(Supplied entries begins)
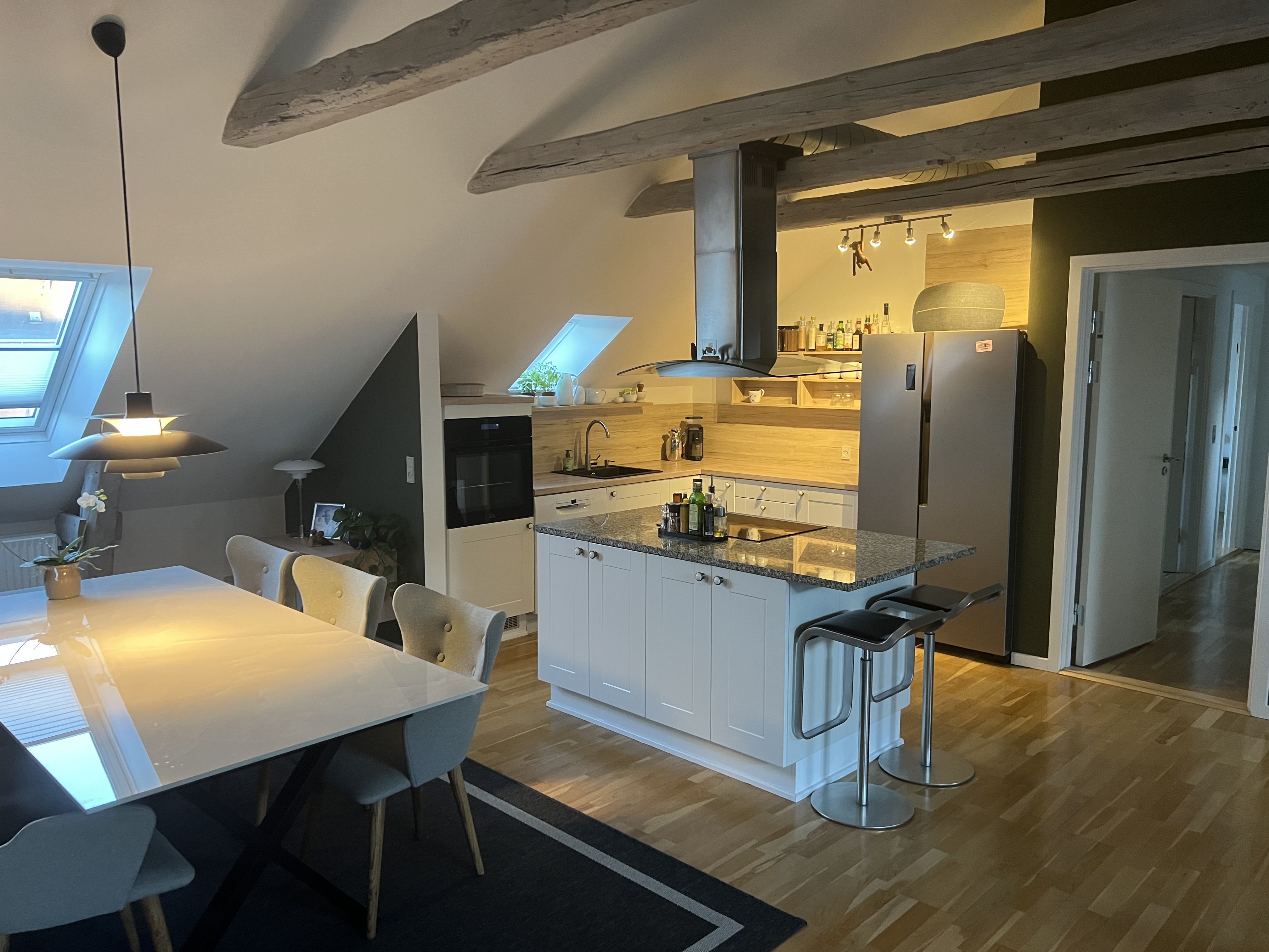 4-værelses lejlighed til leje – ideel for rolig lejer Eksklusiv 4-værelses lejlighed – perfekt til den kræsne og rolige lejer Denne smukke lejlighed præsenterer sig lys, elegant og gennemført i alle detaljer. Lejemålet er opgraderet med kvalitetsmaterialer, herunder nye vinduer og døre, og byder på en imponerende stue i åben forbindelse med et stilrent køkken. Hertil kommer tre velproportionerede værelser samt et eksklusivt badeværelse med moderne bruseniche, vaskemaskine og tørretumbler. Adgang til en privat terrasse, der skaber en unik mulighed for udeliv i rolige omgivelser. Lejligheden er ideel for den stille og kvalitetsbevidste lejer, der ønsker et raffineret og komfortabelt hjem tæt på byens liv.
(Supplied entries ends)
(Supplied entries begins)
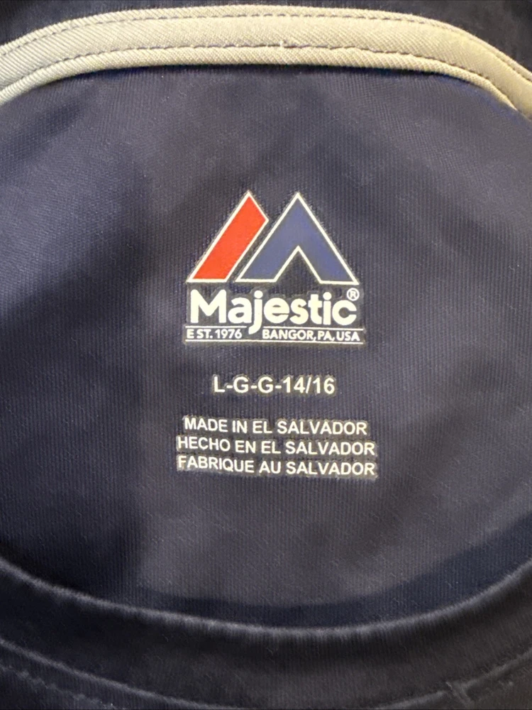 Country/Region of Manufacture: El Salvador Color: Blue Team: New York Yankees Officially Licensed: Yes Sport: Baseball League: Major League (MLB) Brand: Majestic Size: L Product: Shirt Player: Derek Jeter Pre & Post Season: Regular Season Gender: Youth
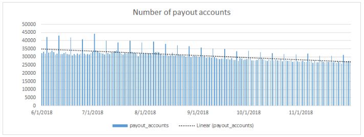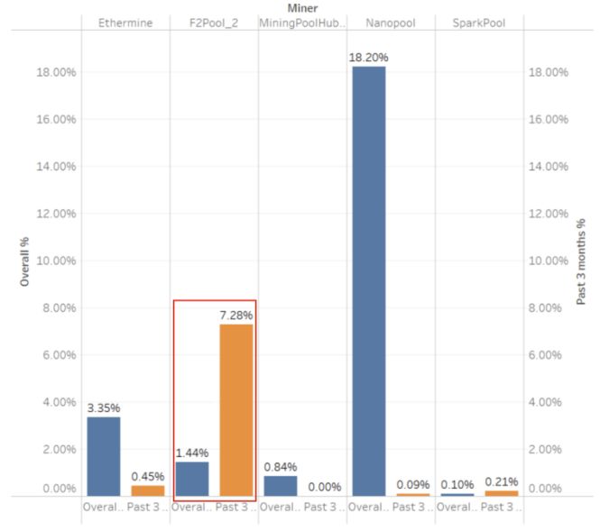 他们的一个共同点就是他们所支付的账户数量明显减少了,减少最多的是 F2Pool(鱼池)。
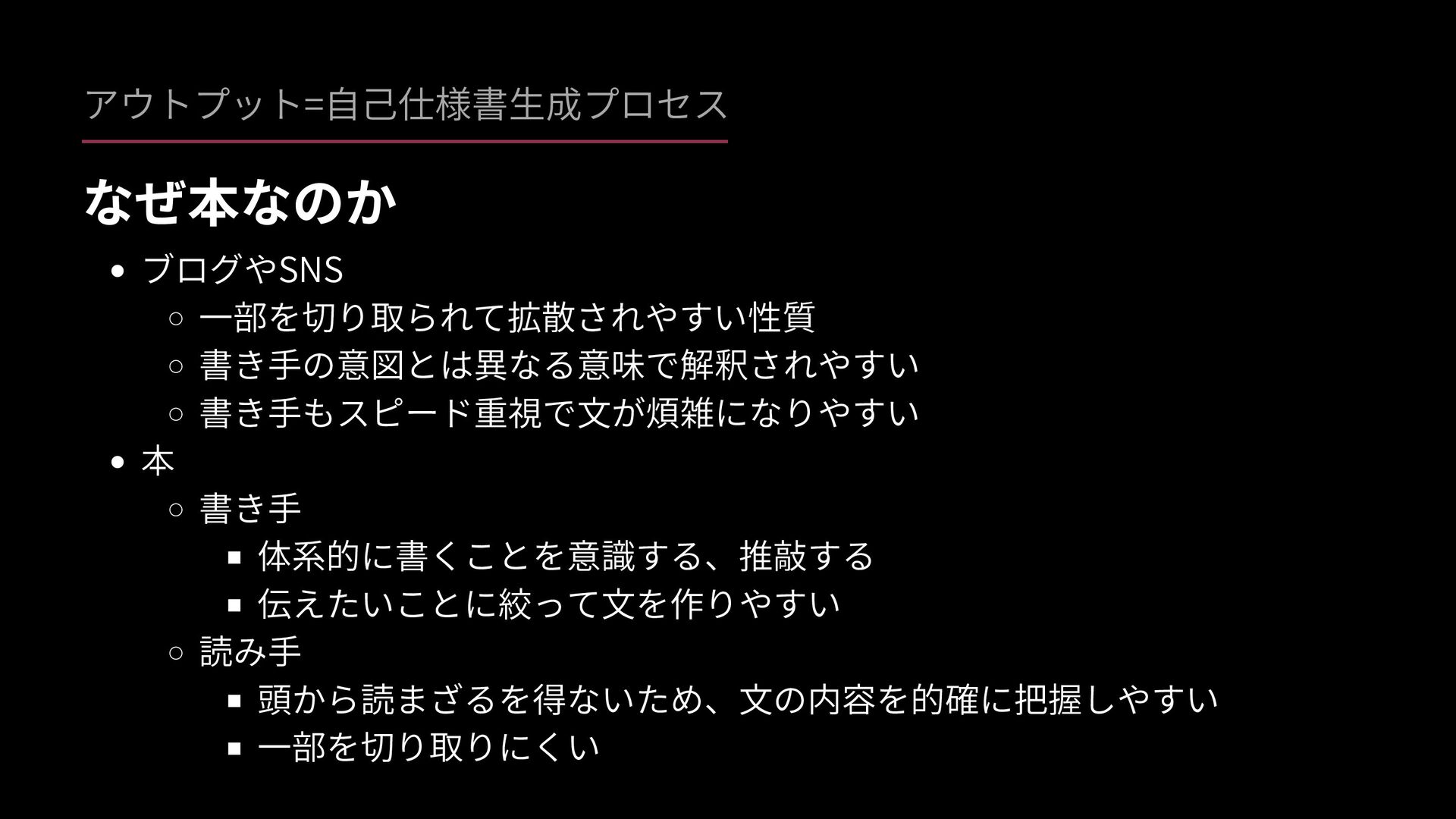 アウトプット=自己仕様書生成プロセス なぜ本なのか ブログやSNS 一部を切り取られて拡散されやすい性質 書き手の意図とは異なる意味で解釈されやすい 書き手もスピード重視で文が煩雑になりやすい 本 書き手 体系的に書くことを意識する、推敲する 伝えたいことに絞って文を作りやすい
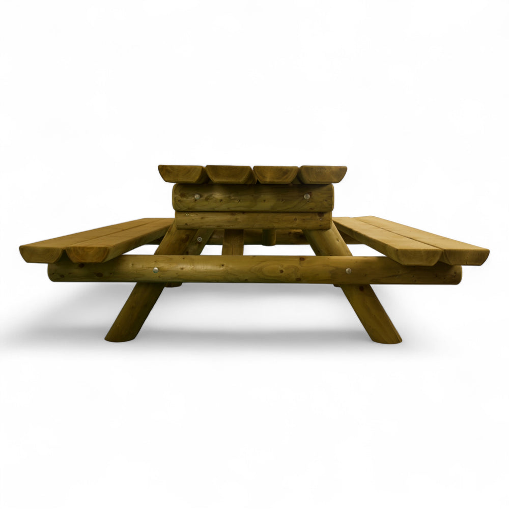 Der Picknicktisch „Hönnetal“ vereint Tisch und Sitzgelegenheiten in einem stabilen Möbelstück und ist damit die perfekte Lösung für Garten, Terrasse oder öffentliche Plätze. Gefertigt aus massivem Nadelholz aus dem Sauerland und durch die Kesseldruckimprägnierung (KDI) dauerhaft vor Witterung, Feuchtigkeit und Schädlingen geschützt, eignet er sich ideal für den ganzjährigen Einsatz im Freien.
(Supplied entries ends)
(Supplied entries begins)
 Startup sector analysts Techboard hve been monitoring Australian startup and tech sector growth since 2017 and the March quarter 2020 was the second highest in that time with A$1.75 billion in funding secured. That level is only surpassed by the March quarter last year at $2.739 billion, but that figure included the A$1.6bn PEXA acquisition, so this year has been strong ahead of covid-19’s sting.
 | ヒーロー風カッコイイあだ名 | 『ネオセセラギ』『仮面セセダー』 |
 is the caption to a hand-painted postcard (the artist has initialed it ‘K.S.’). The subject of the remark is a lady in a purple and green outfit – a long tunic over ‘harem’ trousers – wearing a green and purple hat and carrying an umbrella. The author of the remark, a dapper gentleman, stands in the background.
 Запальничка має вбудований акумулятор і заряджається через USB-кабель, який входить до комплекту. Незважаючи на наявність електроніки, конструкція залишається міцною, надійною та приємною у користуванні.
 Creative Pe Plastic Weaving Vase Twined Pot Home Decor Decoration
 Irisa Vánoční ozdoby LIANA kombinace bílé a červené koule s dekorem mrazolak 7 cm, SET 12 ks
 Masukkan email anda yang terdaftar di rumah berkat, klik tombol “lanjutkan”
(Supplied entries ends)
_Your task_
What is needed is an exact copy of the lines above from the one with "他们的一个共同点就是他们所支" to the one with "Einsatz im Freien.", both ends kept, and nothing more; please leave the pictures out.

_Exercise result_
 他们的一个共同点就是他们所支付的账户数量明显减少了,减少最多的是 F2Pool(鱼池)。
 アウトプット=自己仕様書生成プロセス なぜ本なのか ブログやSNS 一部を切り取られて拡散されやすい性質 書き手の意図とは異なる意味で解釈されやすい 書き手もスピード重視で文が煩雑になりやすい 本 書き手 体系的に書くことを意識する、推敲する 伝えたいことに絞って文を作りやすい
 Der Picknicktisch „Hönnetal“ vereint Tisch und Sitzgelegenheiten in einem stabilen Möbelstück und ist damit die perfekte Lösung für Garten, Terrasse oder öffentliche Plätze. Gefertigt aus massivem Nadelholz aus dem Sauerland und durch die Kesseldruckimprägnierung (KDI) dauerhaft vor Witterung, Feuchtigkeit und Schädlingen geschützt, eignet er sich ideal für den ganzjährigen Einsatz im Freien.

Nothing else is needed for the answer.